**Problem**
Please return only the lines between the line with "- Герметичность и" and the final line of the entries, both included, and exclude pictures.

-- Data for processing follows --

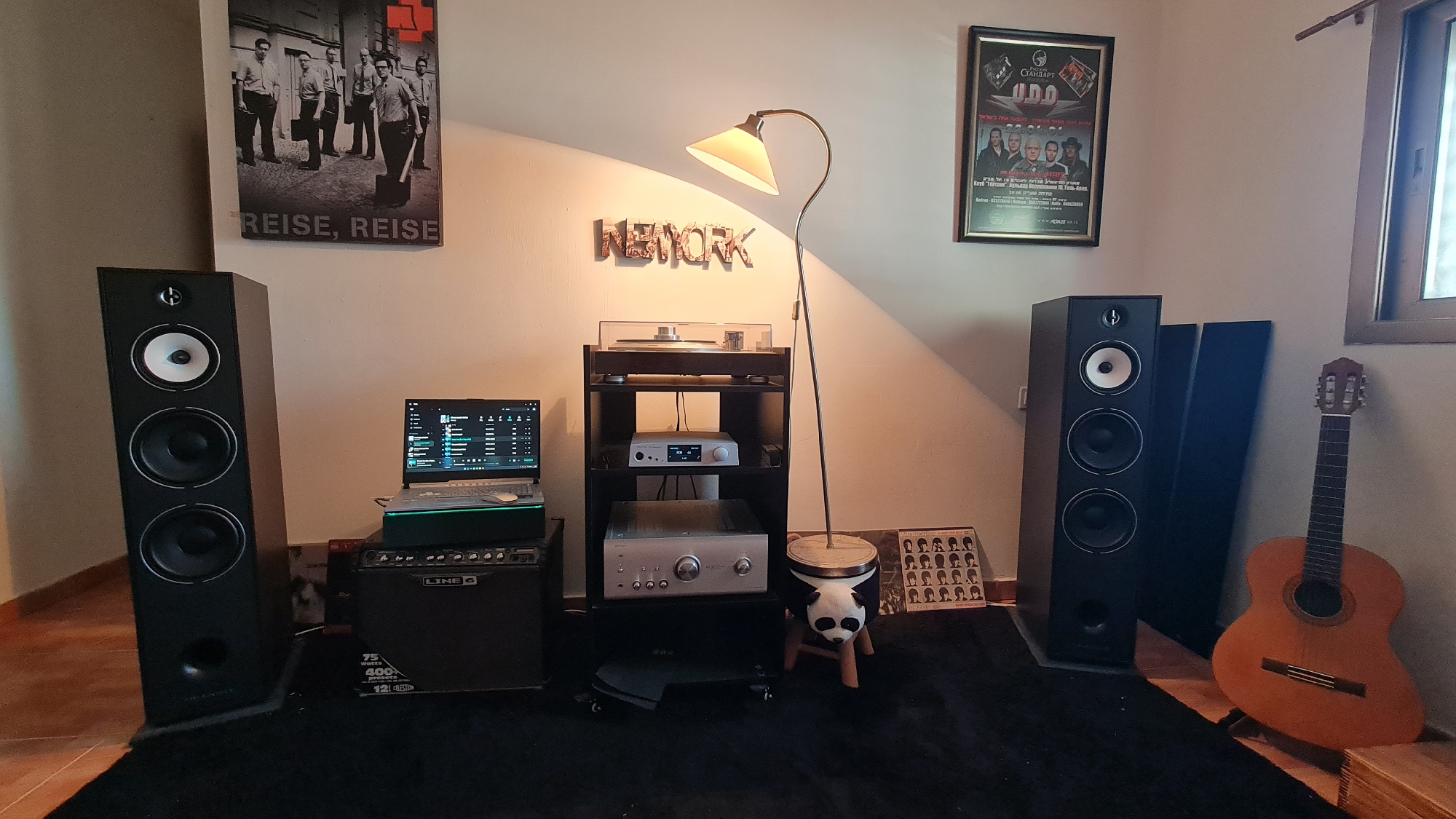 The image displays an indoor music and entertainment setup located in the Lachish Regional Council, Israel. The room has light-colored walls and a floor combining light brown tiles with a black area rug covering the central equipment arrangement. On the left wall, a black-and-white poster of the band Rammstein, featuring six men in suits with one holding a shovel, is mounted, bearing the text "REISE, REISE." Below it, a black floor-standing loudspeaker with a tweeter and two woofers is positioned on the rug. To its right, a laptop displaying a music player interface rests on an LED-illuminated stand atop a black Line 6 guitar amplifier. The center of the wall features a textured "NEW YORK" sign, illuminated by a silver floor lamp with a conical cream-colored shade. Below the sign, a black multi-tiered audio rack holds a turntable with a transparent dust cover on its top shelf, a silver audio component (possibly a streamer/DAC) with a digital display showing "PCM 44.1" on the middle shelf, and a larger silver amplifier on the bottom shelf. A small, low stool with a panda head design is placed on the rug next to the floor lamp. On the right wall, a framed poster with Hebrew text, a yin-yang symbol, and images of several men is mounted. Below it, an identical black floor-standing loudspeaker is placed on the rug. Behind this speaker, a dark panel leans against the wall. A light brown acoustic guitar leans against the wall to the right of the speaker. A vinyl record album cover featuring a grid of identical headshots, resembling The Beatles, lies on the black rug to the left of the right speaker. A window is partially visible on the far right wall. No individuals are present in the scene.
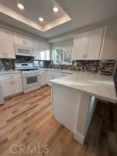 Experience a fully renovated, designer- styled home where every detail has been elevated with high-quality materials. This stunning 4-bedroom, 3-bathroom residence features a cohesive, modern aesthetic throughout with all new interior and exterior paint, new waterproof laminate and carpet, new baseboards, a new staircase, newly designed fireplaced, new interior and exterior doors, new low maintenance landscaping in the front and backyard, upgraded vents, a new thermostat, and a professionally tested HVAC system. The plumbing system, irrigation lines, and exterior watering components have been replaced for long-term efficiency and peace of mind. The kitchen has been completely remodeled with new white shaker cabinetry, new quartz slab countertops, a designer-selected backsplash, new sink and faucet, and a full suite of new white appliances-all included. Crafted with quality and intention, this kitchen blends timeless style with fresh, elevated finishes. Each bathroom has been fully remodeled with permitted improvements and professionally designed selections. New bathroom mirrors and upgraded bathroom windows are scheduled for installation, and a custom shower glass door has been ordered and will be installed prior to the close of escrow. Outside, enjoy brand-new landscaping complemented by mature fruit trees and refreshed plantings. Every improvement has been thoughtfully completed with quality, care and design intention - offering a truly move-in-ready home with elevated finishes throughout.
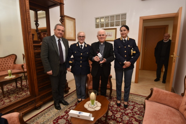 L’incontro ha rappresentato anche un momento di confronto istituzionale e l’occasione per un primo scambio di auguri in vista delle festività pasquali tra il Vescovo e il Questore, accompagnato anche dal Commissario della Polizia di Stato dr.ssa Francesca BRUNI. Nel ricevere il dono, Mons. Crociata ha dichiarato:«Ringrazio la Questura di Latina per il dono dell’olio, che in questo caso raggiunge il livello di grande valore simbolico. La prossimità della Pasqua ci invita ad unirlo all’olio che sarà benedetto nella Messa del Crisma e soprattutto ci riporta il richiamo pasquale alla resurrezione, a risorgere dalla morte del male. Che la nostra vita fiorisca con opere di giustizia e di bene. Grazie».
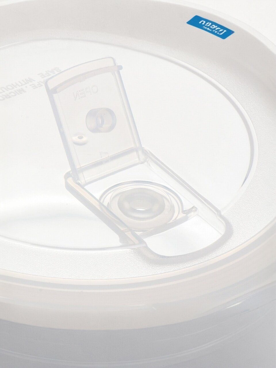 - Герметичность и универсальность: плотная крышка с защёлкой и клапаном сохраняет свежесть и предотвращает проливы
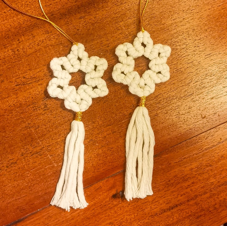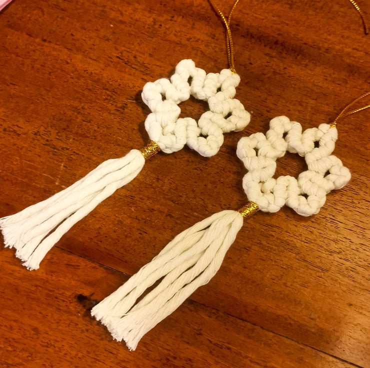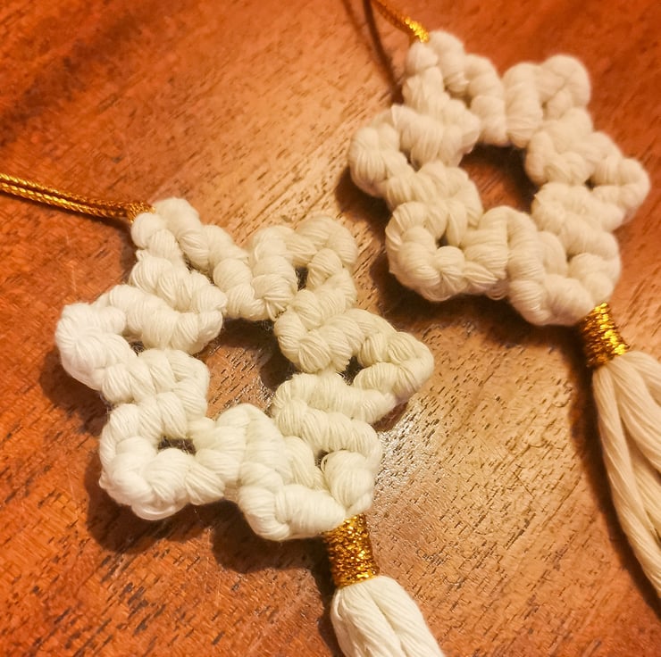 Christmas Macrame Ornaments, set of 2 - White Stars FREE UK P&P
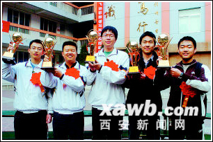 据悉,此次在宁波举行的这次全国中学生物理竞赛决赛中,陕西省中学生物理竞赛委员会选拔组建的省代表队由谢东霖(交大附中)、李俊儒(交大附中)、焦剑涛(西工大附中)、张励勋(西工大附中)、刘景博(交大附中)五名选手组成。参赛队员们不负众望,取得了骄人的成绩,其中谢东霖(理论成绩第3名,总分第10名)和李俊儒(总分第30名)双双荣获金牌并入选国家集训队,刘景博(总分39名)、焦剑涛(总分48名)和张励勋(总分86名)分别荣获银牌。随后,他们5人被前来挑选尖子生的北大(1名)清华(4名)提前录取。据指导老师说,他们还获得了优先挑选学习专业的特权。
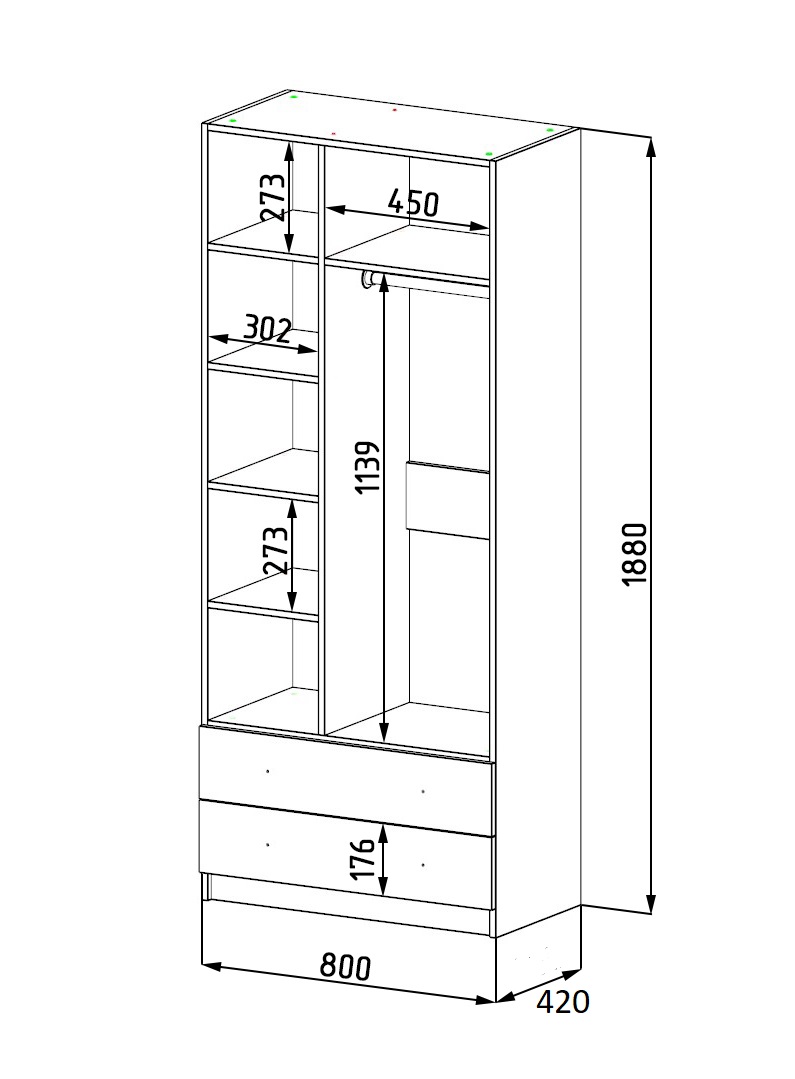 Габариты шкафа: высота 2251 х ширина 800 х глубина 420
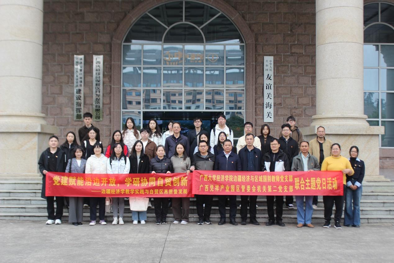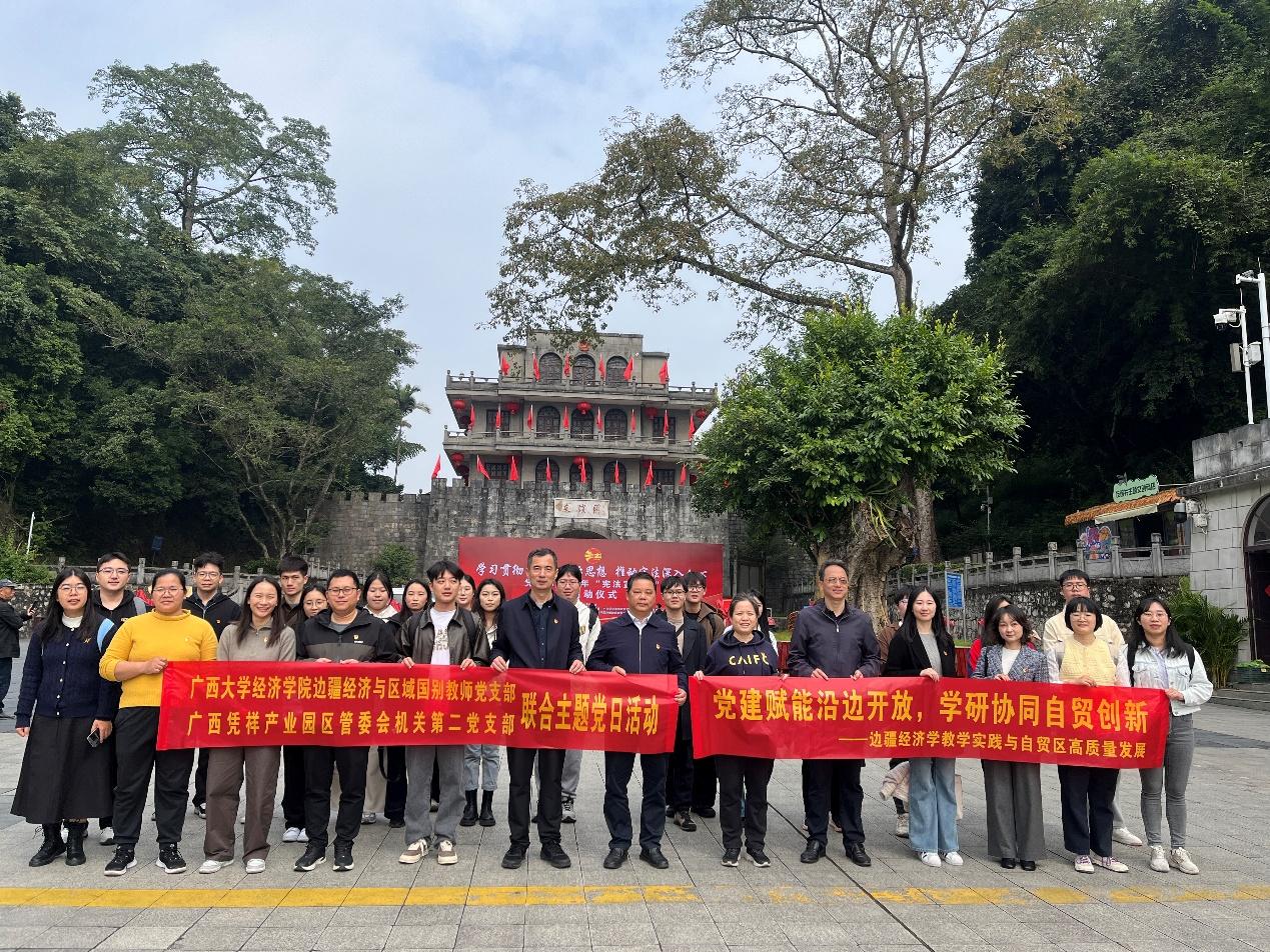 为深入学习贯彻党的二十届四中全会精神,贯彻落实习近平总书记关于边疆治理和区域协调发展的重要论述,推动“一融双高”在边疆经济学学科落地,2025年12月4日,william威廉英国官网边疆经济与区域国别教师党支部(简称教师党支部)联合边疆经济学专业研究生导师、2024级和2025级硕士研究生20余人,赴广西凭祥产业园区与广西凭祥综合保税区、中国(广西)自由贸易试验区崇左片区管理委员会机关第二党支部(简称管委会机关第二党支部)开展“党建赋能沿边开放,学研协同自贸创新——边疆经济学教学实践与自贸区高质量发展”联合主题党日暨“导师面对面”活动。本次活动将红色教育、口岸调研、校地共建研讨与师生互动交流有机结合,进一步引导党员教师和边疆经济学专业师生厚植家国情怀、强化边疆意识、服务国家对外开放和中国—东盟经贸合作大局。

-- Data for processing concluded --

**Written response**
 - Герметичность и универсальность: плотная крышка с защёлкой и клапаном сохраняет свежесть и предотвращает проливы
 Christmas Macrame Ornaments, set of 2 - White Stars FREE UK P&P
 据悉,此次在宁波举行的这次全国中学生物理竞赛决赛中,陕西省中学生物理竞赛委员会选拔组建的省代表队由谢东霖(交大附中)、李俊儒(交大附中)、焦剑涛(西工大附中)、张励勋(西工大附中)、刘景博(交大附中)五名选手组成。参赛队员们不负众望,取得了骄人的成绩,其中谢东霖(理论成绩第3名,总分第10名)和李俊儒(总分第30名)双双荣获金牌并入选国家集训队,刘景博(总分39名)、焦剑涛(总分48名)和张励勋(总分86名)分别荣获银牌。随后,他们5人被前来挑选尖子生的北大(1名)清华(4名)提前录取。据指导老师说,他们还获得了优先挑选学习专业的特权。
 Габариты шкафа: высота 2251 х ширина 800 х глубина 420
 为深入学习贯彻党的二十届四中全会精神,贯彻落实习近平总书记关于边疆治理和区域协调发展的重要论述,推动“一融双高”在边疆经济学学科落地,2025年12月4日,william威廉英国官网边疆经济与区域国别教师党支部(简称教师党支部)联合边疆经济学专业研究生导师、2024级和2025级硕士研究生20余人,赴广西凭祥产业园区与广西凭祥综合保税区、中国(广西)自由贸易试验区崇左片区管理委员会机关第二党支部(简称管委会机关第二党支部)开展“党建赋能沿边开放,学研协同自贸创新——边疆经济学教学实践与自贸区高质量发展”联合主题党日暨“导师面对面”活动。本次活动将红色教育、口岸调研、校地共建研讨与师生互动交流有机结合,进一步引导党员教师和边疆经济学专业师生厚植家国情怀、强化边疆意识、服务国家对外开放和中国—东盟经贸合作大局。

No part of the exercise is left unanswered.